→ **TASK DATA**

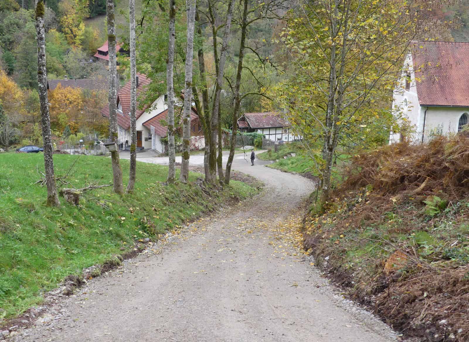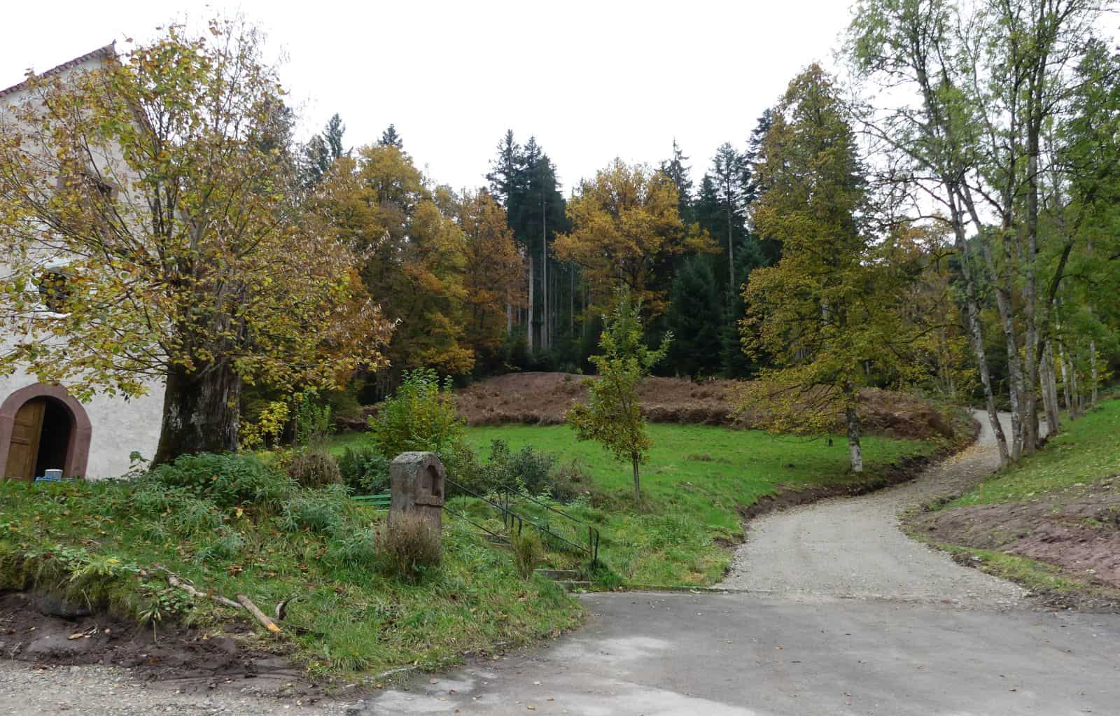 Für den künftigen Bestattungswald haben Bauarbeiter bereits einen breiten Schotterweg von der Kapelle hoch in den Wald gebaut. Foto: him
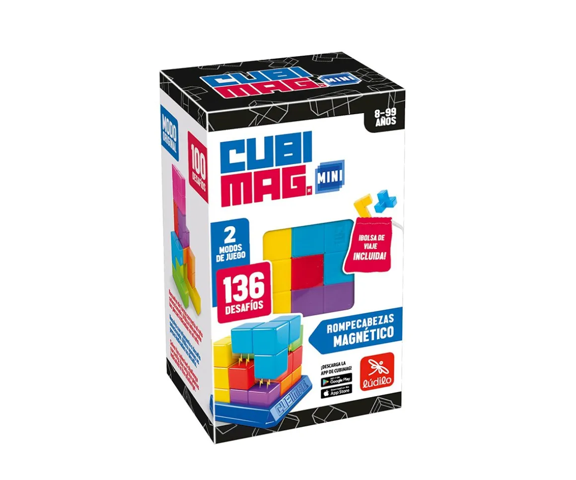 ¡Desafía tu ingenio con Cubimag Mini®! Utiliza la base como soporte y ejercita tu cerebro con este increíble rompecabezas magnético.Tiene 138 retos en 3D para mejorar la visión espacial, la concentración y la lógica, y 3 niveles diferentes. ¿Podrás resolver todos los retos?
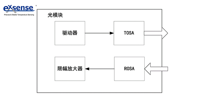 圖中光模塊,包括發(fā)送通道的光發(fā)射組件TOSA、用于驅(qū)動TOSA中的激光器的驅(qū)動器,以及接收通道的依次連接的光接收組件ROSA和限幅放大器。結(jié)合參看圖1,驅(qū)動器包括激光器驅(qū)動芯片,激光器驅(qū)動芯片連接TOSA中的激光器,激光器驅(qū)動芯片連接光功率第一電阻,光功率第一電阻為NTC熱敏電阻RNTC。NTC熱敏電阻RNTC在常溫25度時阻值為50KΩ,高溫90度時阻值為8KΩ,NTC熱敏電阻RNTC的阻值隨溫度升高而逐漸降低。
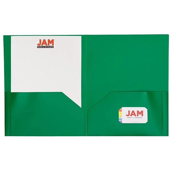 JAM Paper Plastic Folders allow you to have a sturdy folder while still being environmentally conscious. These folders are perfect for helping you stay organized at school, the office, home, or on the go. Measuring 9.5 x 11 (9 1/2 x 11) inches, these folders include 2 pockets designed to keep your documents secure and organized and also have an additional business card slot built into the right side pocket.
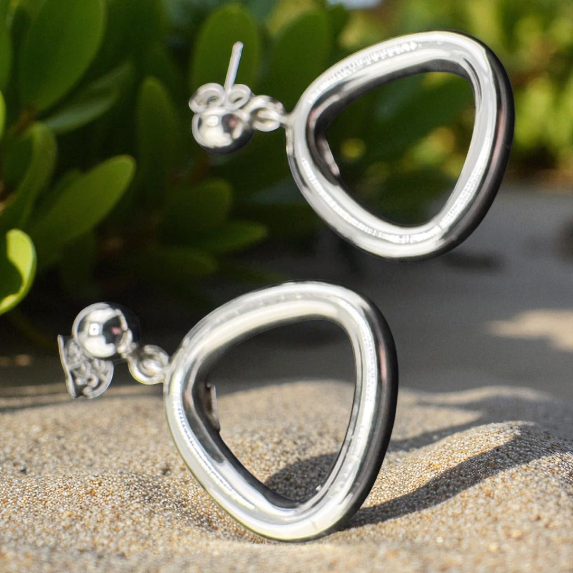 Define your style with our exquisite Triangular Stud Earrings. These captivating earrings feature a sleek, modern triangular design, offering a contemporary edge to any look. Handcrafted from solid .925 sterling silver, the gleaming hand finished details make them a chic and versatile accessory. Approx. 23mm x 33mm., Triangular Stud Earrings, MVA-E003
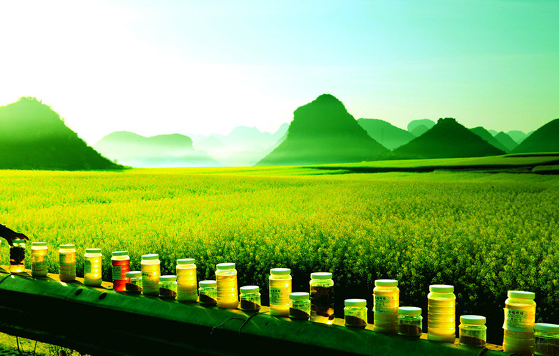 如罗平油菜花与当地喀斯特地貌结合后特别具有地方韵味,精巧玲珑的山头像油菜花海洋中浮沉的岛屿;而婺源江岭的油菜花梯田盘山而上,直上云天,富有韵律感;皖南的油菜花中间常常夹杂着具有徽派风格的民居等等;而西部油菜花田更具天高云淡的辽阔感,拍摄时利用这些内容,有助于增加画面内涵,增加可看性。此外在水乡拍摄时,还应该充分利用江河水面等丰富颜色。像浙江、安徽、江西、湖南、福建等地江水清醇且大都呈现翡翠色,绿色和黄色的油菜花结合后不但能获得较好的反差色差,而且颜色也很协调。江水作为陪衬,通过深浅不同的影调变化,烘托了前景中的油菜花。
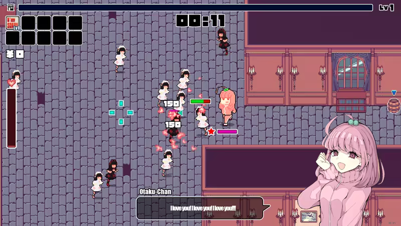 In "Sorry Survivor," the main character becomes irresistible and rejects girls who approach him, aiming for his dream heroine. It's a simple top-down, harem-denying, Vampire Survivors-like 2D action game.
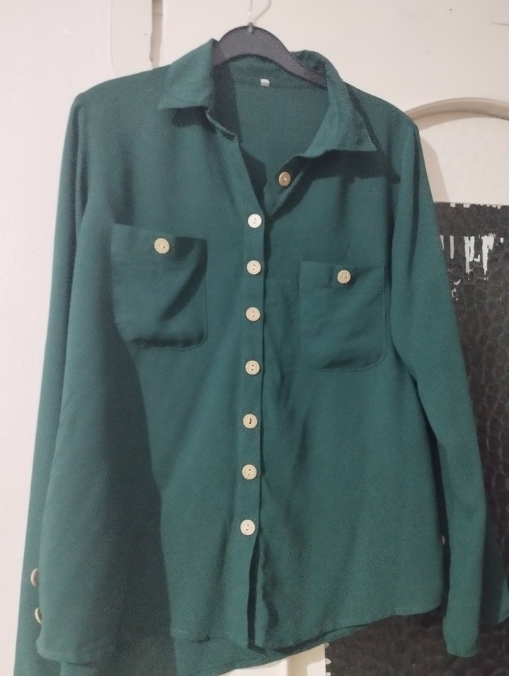 Düğmeli, uzun kollu, yeşil kadın gömleği. Notlu yaka, iki cep ve bol kesim ile günlük sokak stili için uygundur. Sentetik dokusu yumuşaktır.
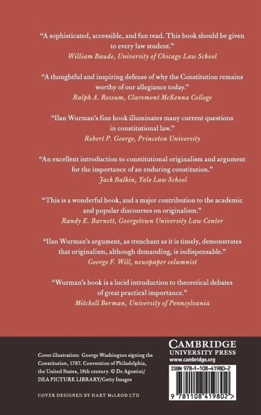 'Ilan Wurman's fine book explores a classic question about constitutions, especially written constitutions, and most especially ours: Why should people in later generations feel bound by rules put in place by people in earlier generations? Wurman has provided a careful, detailed, and properly nuanced argument for James Madison's suggestion that the constitutional order gives rise to a kind of 'debt' that the living have to the dead - an argument that illuminates many current questions in constitutional law.' Robert P. George, McCormick Professor of Jurisprudence and Director of the James Madison Program in American Ideals and Institutions, Princeton University, New Jersey
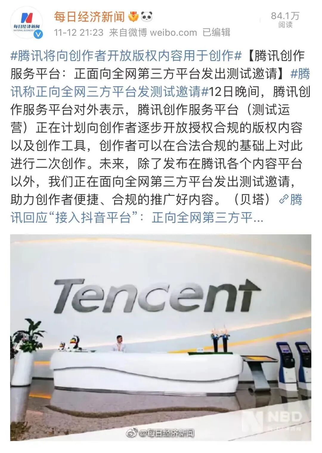 “未来,内容除了发布在腾讯各个平台之外,正在面向全网第三方平台发出测试邀请,助力创作者便捷、合规推广好内容。”
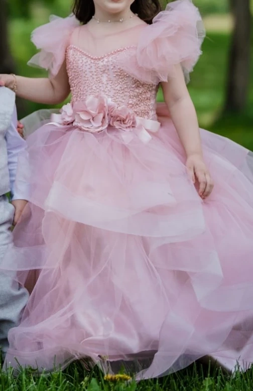 This beautiful pink dress features a beaded bodice and a full tulle skirt with ruffled layers. It's adorned with a satin sash and fabric flowers at the waist. Perfect for special occasions!
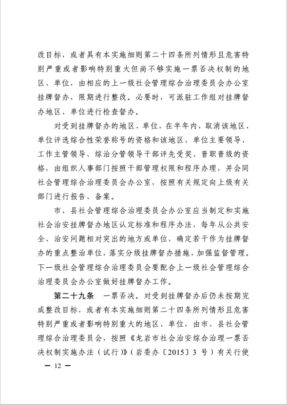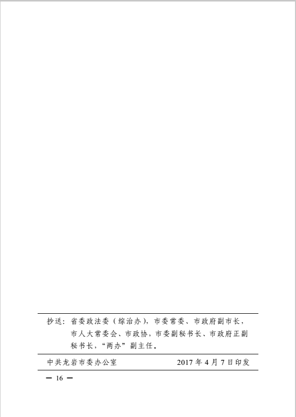 龍巖市健全落實社會治安綜合治理領(lǐng)導(dǎo)責(zé)任制實施細(xì)則(巖委辦發(fā)【2017】11號)
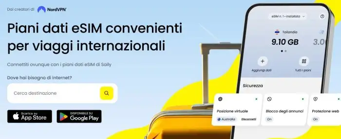 Per viaggiare all’estero è uno strumento digitale perfetto: scarica subito l’app di Saily e approfitta del 5% di sconto sui piani da 10GB in su.
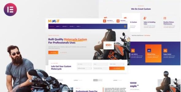 Modif – Motorcycle Custom And Modification Elementor Template Kit is a collection of layouts for the Elementor page builder WordPress plugin, designed for use with Elementor Pro Version for a clean Design. It works with most themes and is optimized for use with the free Hello Elementor theme.
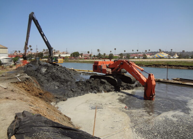 The Restoration of the Tidal Wetlands Revetment Project for Southern California Edison (SCE) was part of SCE’s overall restoration effort of the San Dieguito Lagoon. The goal of the project was to remove existing shoreline debris, including concrete, steel rail pile and trash, and install a new engineered revetment section, with planting and a trail surface. The project was challenging due to limited access and laydown area, working in an active tidal zone while maintain water quality standards and the presence of property owners and businesses adjacent to the project site. Approximately 75 steel rail pile were extracted, with 12,000 CY of excavation and 8,000 ton of rock placed.
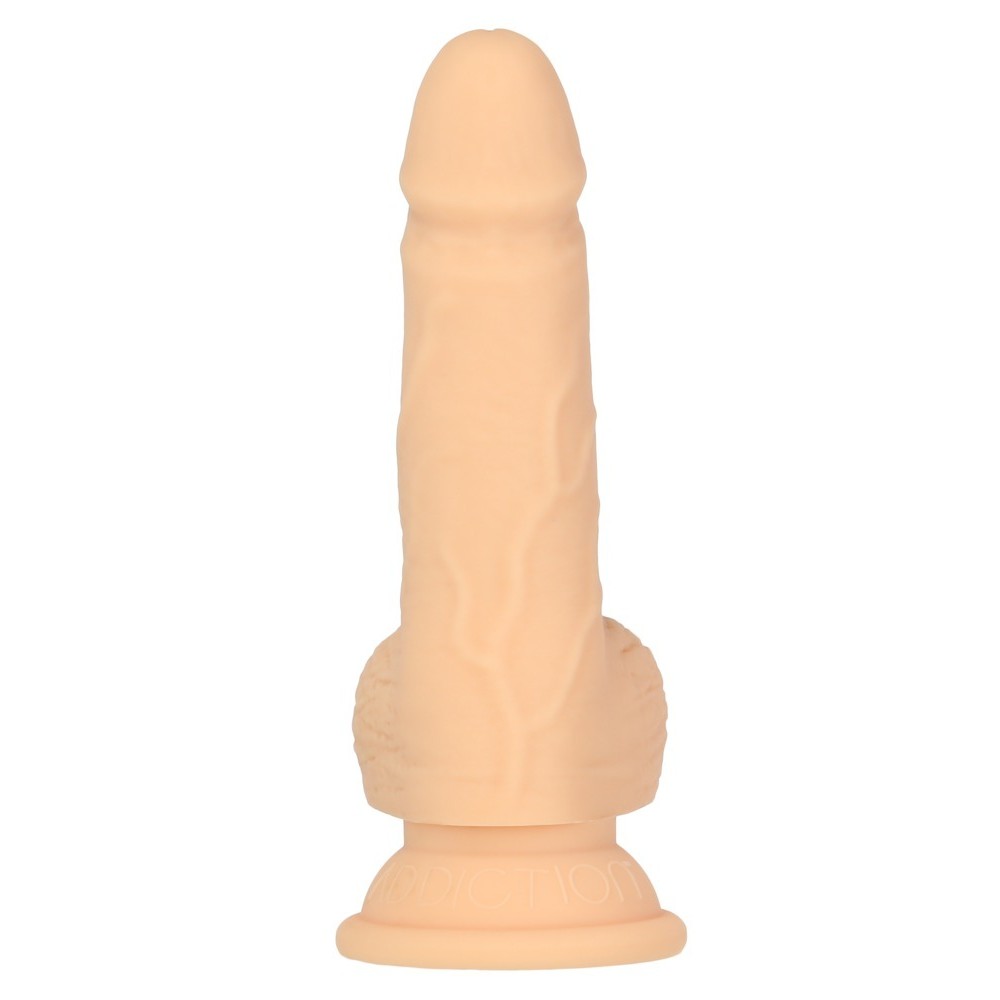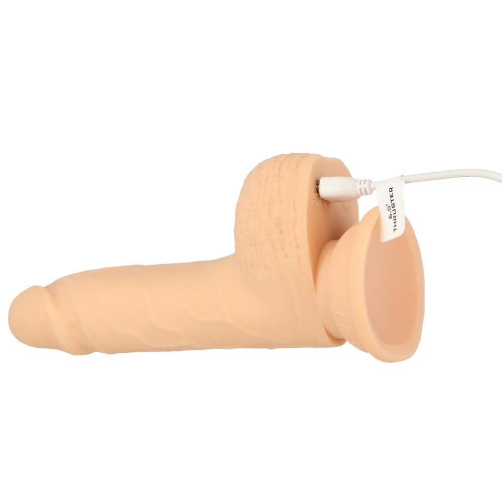 El vibrador flexible de 6,5" Thrusting Dong RC de Naked Addiction presenta un diseño realista, con venas sutiles y glande pronunciado. Cuenta con una ventosa resistente debajo de los testículos que se adhiere firmemente a superficies lisas, lo que permite un uso sin manos.
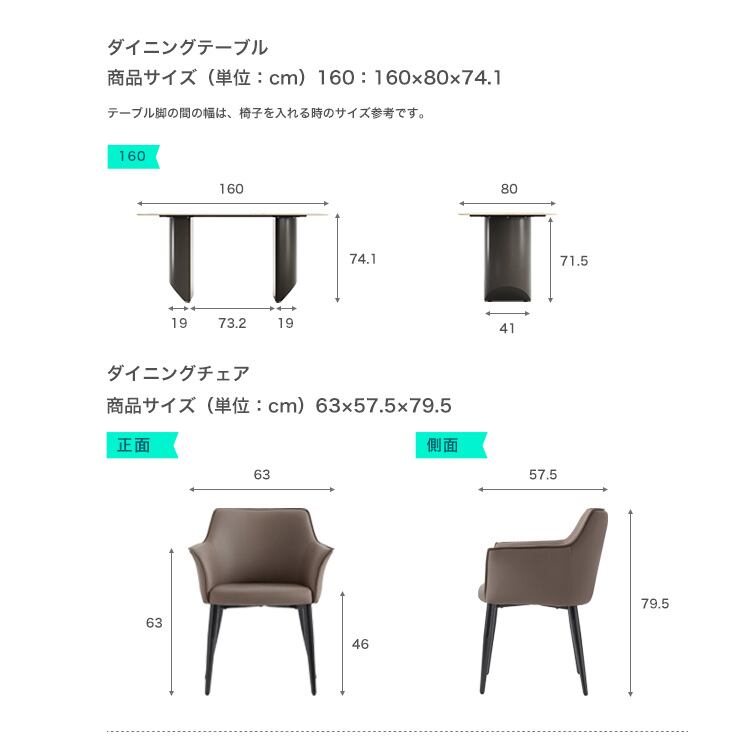 テーブル:160×80×74.1cm、チェア:63×57.5×79.5cm

→ **REQUIRED WORK**
Reproduce, word for word, every line from the one that contains "龍巖市健全落實社會治安綜合治" to the end of the data, including both ends; omit all pictures.

→ **SOLVED PROBLEM**
 龍巖市健全落實社會治安綜合治理領(lǐng)導(dǎo)責(zé)任制實施細(xì)則(巖委辦發(fā)【2017】11號)
 Per viaggiare all’estero è uno strumento digitale perfetto: scarica subito l’app di Saily e approfitta del 5% di sconto sui piani da 10GB in su.
 Modif – Motorcycle Custom And Modification Elementor Template Kit is a collection of layouts for the Elementor page builder WordPress plugin, designed for use with Elementor Pro Version for a clean Design. It works with most themes and is optimized for use with the free Hello Elementor theme.
 The Restoration of the Tidal Wetlands Revetment Project for Southern California Edison (SCE) was part of SCE’s overall restoration effort of the San Dieguito Lagoon. The goal of the project was to remove existing shoreline debris, including concrete, steel rail pile and trash, and install a new engineered revetment section, with planting and a trail surface. The project was challenging due to limited access and laydown area, working in an active tidal zone while maintain water quality standards and the presence of property owners and businesses adjacent to the project site. Approximately 75 steel rail pile were extracted, with 12,000 CY of excavation and 8,000 ton of rock placed.
 El vibrador flexible de 6,5" Thrusting Dong RC de Naked Addiction presenta un diseño realista, con venas sutiles y glande pronunciado. Cuenta con una ventosa resistente debajo de los testículos que se adhiere firmemente a superficies lisas, lo que permite un uso sin manos.
 テーブル:160×80×74.1cm、チェア:63×57.5×79.5cm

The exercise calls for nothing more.